Plot the time series for a specific geohash.

Parameters:

Name	Type	Description	Default
`id_geohash`	`str`	The geohash identifier for the location.	required
`breakpoints`	`BreakpointMethod`	Breakpoint detection method to use.	required

Source code in src/water_timeseries/dataset.py

def plot_timeseries(self, id_geohash: str, breakpoints: None) -> plt.Figure:
    """Plot the time series for a specific geohash.

    Args:
        id_geohash (str): The geohash identifier for the location.
        breakpoints (BreakpointMethod, optional): Breakpoint detection method to use.
    """
    pass

Merge Functionality🔗

The LakeDataset class and its subclasses (DWDataset, JRCDataset) provide a merge() method to combine two datasets. This is useful for:

Combining datasets from different time periods
Adding new lakes to an existing dataset
Combining partial datasets into a complete one

Merge Strategies🔗

The merge() method accepts a how parameter with three options:

Strategy	Description	Requirements
`"both"`	Merge along both dimensions (date and id_geohash). Combines all unique data from both datasets.	Same variables
`"date"`	Merge along the date dimension only. Adds new dates for the same lakes.	Same id_geohash values, same variables
`"id_geohash"`	Merge along the id_geohash dimension only. Adds new lakes with the same dates.	Same dates, same variables

Examples🔗

from water_timeseries.dataset import DWDataset
import xarray as xr

# Load two datasets
ds1 = xr.open_dataset("data_2020_2022.zarr")
dataset1 = DWDataset(ds1)

ds2 = xr.open_dataset("data_2023_2024.zarr")
dataset2 = DWDataset(ds2)

# Merge along both dimensions
merged = dataset1.merge(dataset2, how="both")

# Add new dates to existing time series (same lakes)
# Both datasets must have the same id_geohash values
merged = dataset1.merge(dataset2, how="date")

# Add new lakes with the same temporal coverage
# Both datasets must have the same dates
merged = dataset1.merge(dataset2, how="id_geohash")

Warnings🔗

When there are overlapping values, a warning is issued:

how="date": Warns if there are duplicate dates between datasets
how="id_geohash": Warns if there are duplicate id_geohash values

In both cases, data from the second dataset will overwrite the first for overlapping values.

Requirements🔗

Both datasets must be of the same type (both DWDataset or both JRCDataset)
Both datasets must have the same variables
The specific merge strategy may have additional requirements (see table above)

Return Value🔗

The merge() method returns a new LakeDataset instance (of the same type as the first dataset) with the combined data.
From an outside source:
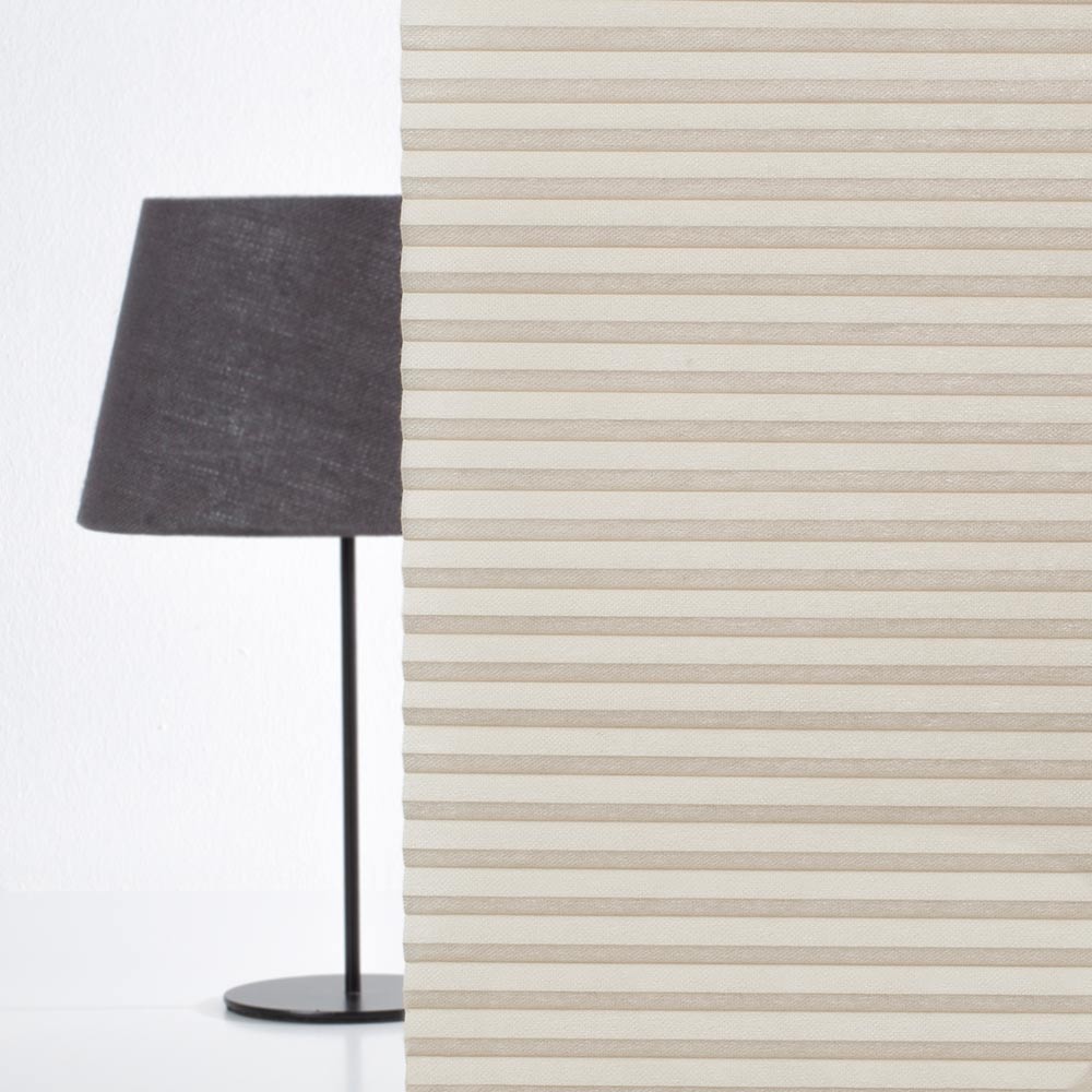 Beige Wabenplissee mit vertikalen Längsstreifen steht an einer Wand neben einer Schreibtischlampe mit schwarzem Lampenschirm. Der Raum wirkt modern und minimalistisch. Plissee Frankfurt 3753

The returned dataset is fully preprocessed and normalized.

Plot Time Series🔗

Both DWDataset and JRCDataset provide a plot_timeseries() method to visualize water extent over time for a specific lake.

DWDataset.plot_timeseries()🔗

from water_timeseries.dataset import DWDataset
import xarray as xr

# Load data
ds = xr.open_zarr("lakes_dw.zarr")
dataset = DWDataset(ds)

# Plot time series for a specific lake
fig = dataset.plot_timeseries(
    id_geohash="b7uefy0bvcrc",
    breakpoints=None  # Optional: pass BreakpointMethod to overlay detected breaks
)

# Show the plot
fig.show()

JRCDataset.plot_timeseries()🔗

from water_timeseries.dataset import JRCDataset
import xarray as xr

# Load data
ds = xr.open_zarr("lakes_jrc.zarr")
dataset = JRCDataset(ds)

# Plot time series
fig = dataset.plot_timeseries(
    id_geohash="b7uefy0bvcrc",
    breakpoints=None  # Optional: BreakpointMethod to overlay detected breaks
)

fig.show()

Parameters🔗

Parameter	Type	Description
`id_geohash`	str	The geohash identifier for the lake to plot
`breakpoints`	BreakpointMethod, optional	Breakpoint detection result to overlay on the plot (e.g., from `SimpleBreakpoint` or `BeastBreakpoint`)

Return Value🔗

Returns a matplotlib.figure.Figure object that can be displayed or saved.

With Breakpoint Overlay🔗

from water_timeseries.dataset import DWDataset
from water_timeseries.breakpoint import SimpleBreakpoint

# Initialize dataset
dataset = DWDataset(xr.open_zarr("lakes_dw.zarr"))

# Detect breakpoints
bp = SimpleBreakpoint()
breaks = bp.calculate_break(dataset, object_id="b7uefy0bvcrc")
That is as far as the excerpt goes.